When the fix is supposed to happen by changing the blood, having higher oxygen capacity alone won't do it, what's necessary is to have blood with higher oxygen affinity, which will exchange O² and CO² in the lungs quicker than normal (Haemoglobin-F does that). Higher affinity can coincide with higher bonding capacity, but doesn't have to (Haemoglobin-F doesn't).
Since GeorgeK mentioned Haemoglobin in foeti, one side-effect of having blood with higher oxygen affinity would be the inability to become pregnant. The foetus wouldn't be able to extract oxygen from the mothers blood (which is what foeti need the higher oxygen affinity for).

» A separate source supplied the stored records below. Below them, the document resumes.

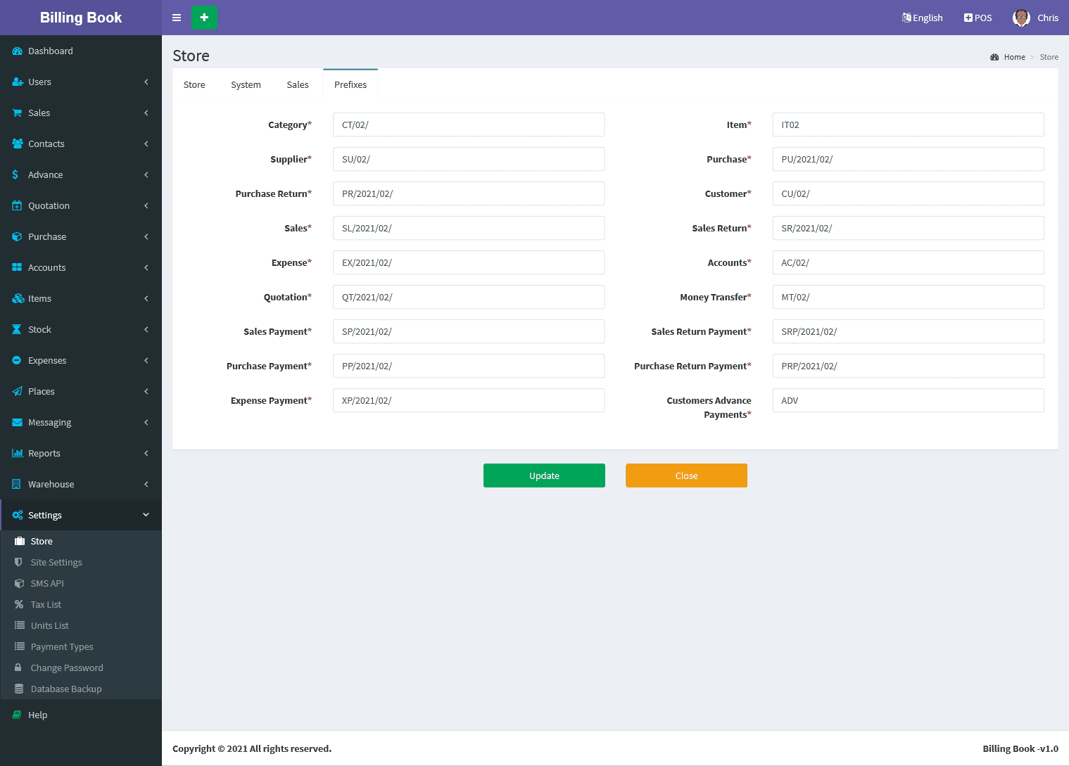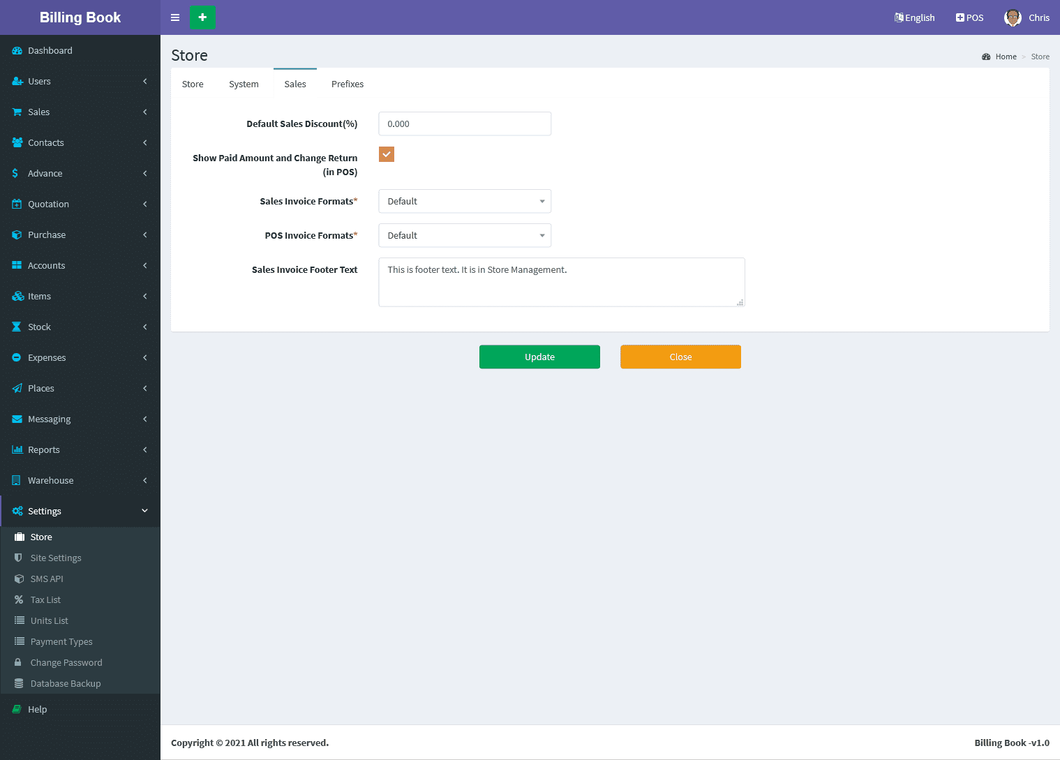 You can update the store profile information's like Store name, Phone, Mobile, Email, GST Number, VAT Number, PAN Number, Bank Details, Website link, Country, State, Postcode,Address and Invoice Logo.
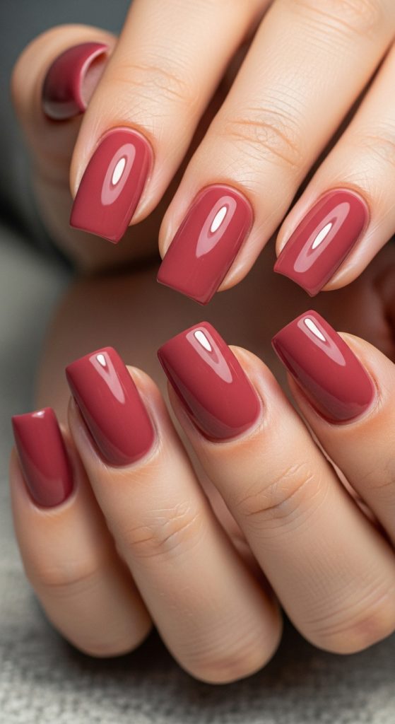 Crimson tones are slightly muted compared to bright red, making them perfect for a subtle look. Painted on neatly filed square nails, they give a clean, modern finish that works for every occasion.
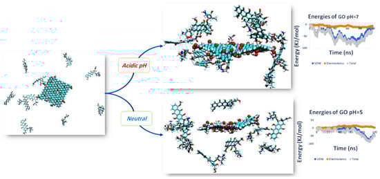 Figure 5. Molecular dynamics simulations depicting the interaction behavior of GO and doxorubicin (DOX) at different pH conditions [39].
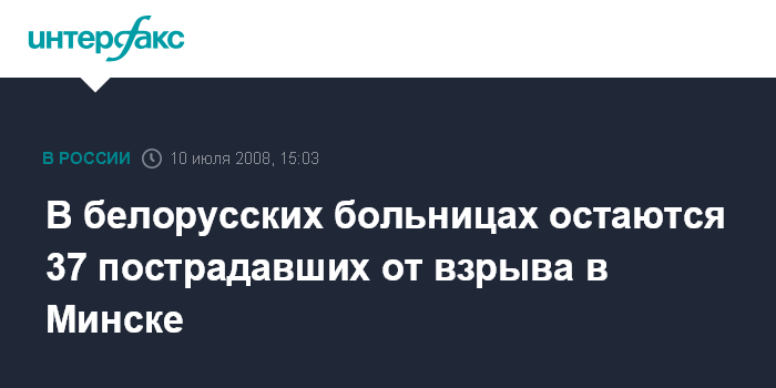 Москва. 10 июля. INTERFAX.RU - В больницах Минска и Витебска остаются 37 человек, которые пострадали в результате взрыва, произошедшего возле стелы "Минск - город-герой". "В настоящее время в больницах находятся 37 пострадавших. В минувшую среду из РНПЦ ортопедии и травматологии были выписаны два человека", - сообщили агентству "Интерфакс" в министерстве здравоохранения.
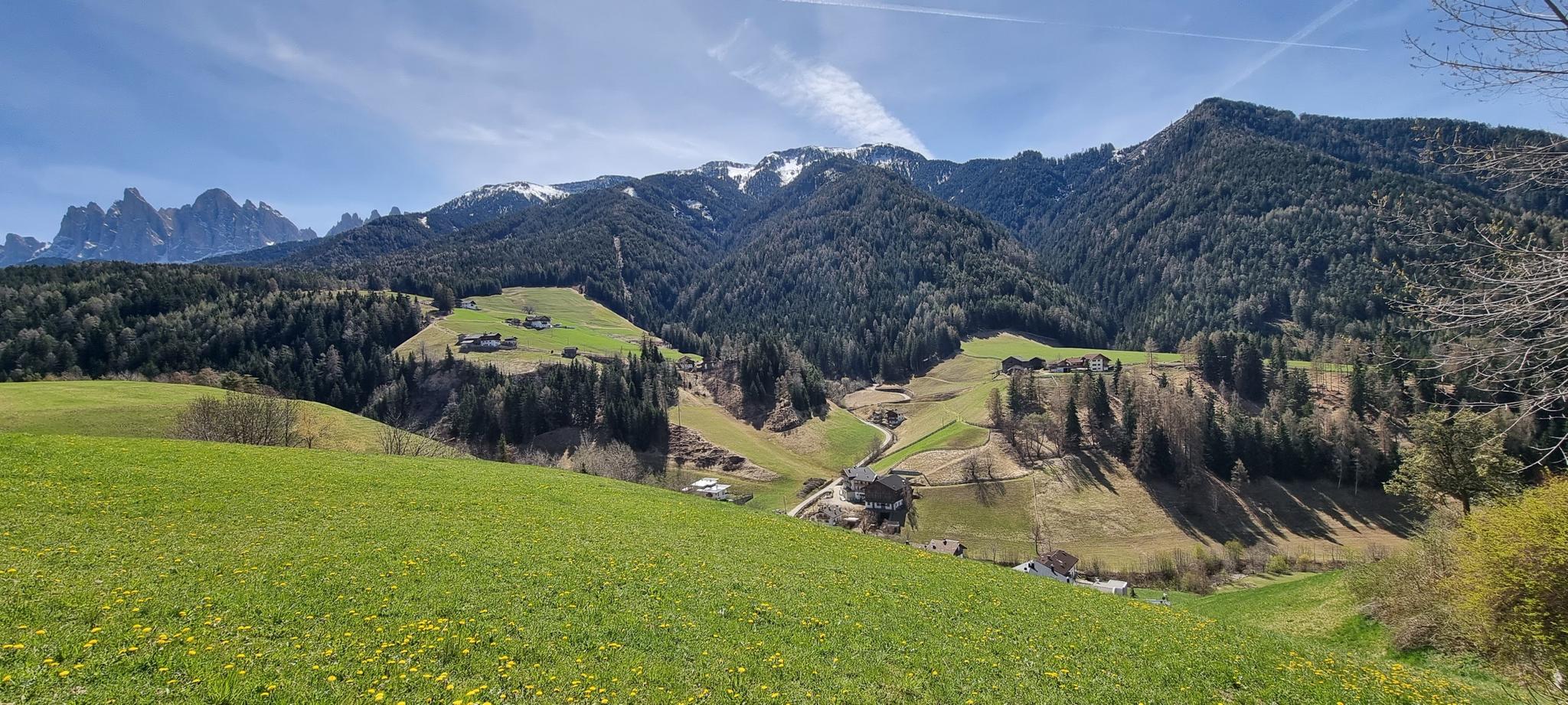 Lajen - Laion에서는 유네스코 세계 문화유산인 돌로미테의 경치를 감상할 수 있으며, 페이틀러코펠(Peitlerkofel), 가이슬러슈피첸(Geislerspitzen), 슐레른(Schlern), 랑크코펠(Langkofel), 플라트코펠(Plattkofel)과 같은 주요 봉우리가 포함됩니다. 풍경은 포도밭에서 밤나무 숲, 고산 목초지, 바위 지형으로 바뀝니다. 알페 디 시우시(Alpe di Siusi) 고원도 근처에 있습니다.

On 2), if the consciousness can run on hardware different than the original brain, i see no reason why it wouldn't be able to be kept running while the body is sleeping. Theoretically, that's even possible without a computer. The body needs rest more so than the brain needs sleep, you could theoretically practice to survive with a few hours of REM sleep each day, so long as you add some more hours of no physical activity. Only theoretically though, i'm not aware of anyone trying it for long enough to say for sure, so far. Let alone a study with a representative number of people. Since the potential side effects of messing with sleep are ... unpleasant, i don't think anyone'll be willing to try soon either. Though in theory, it could work.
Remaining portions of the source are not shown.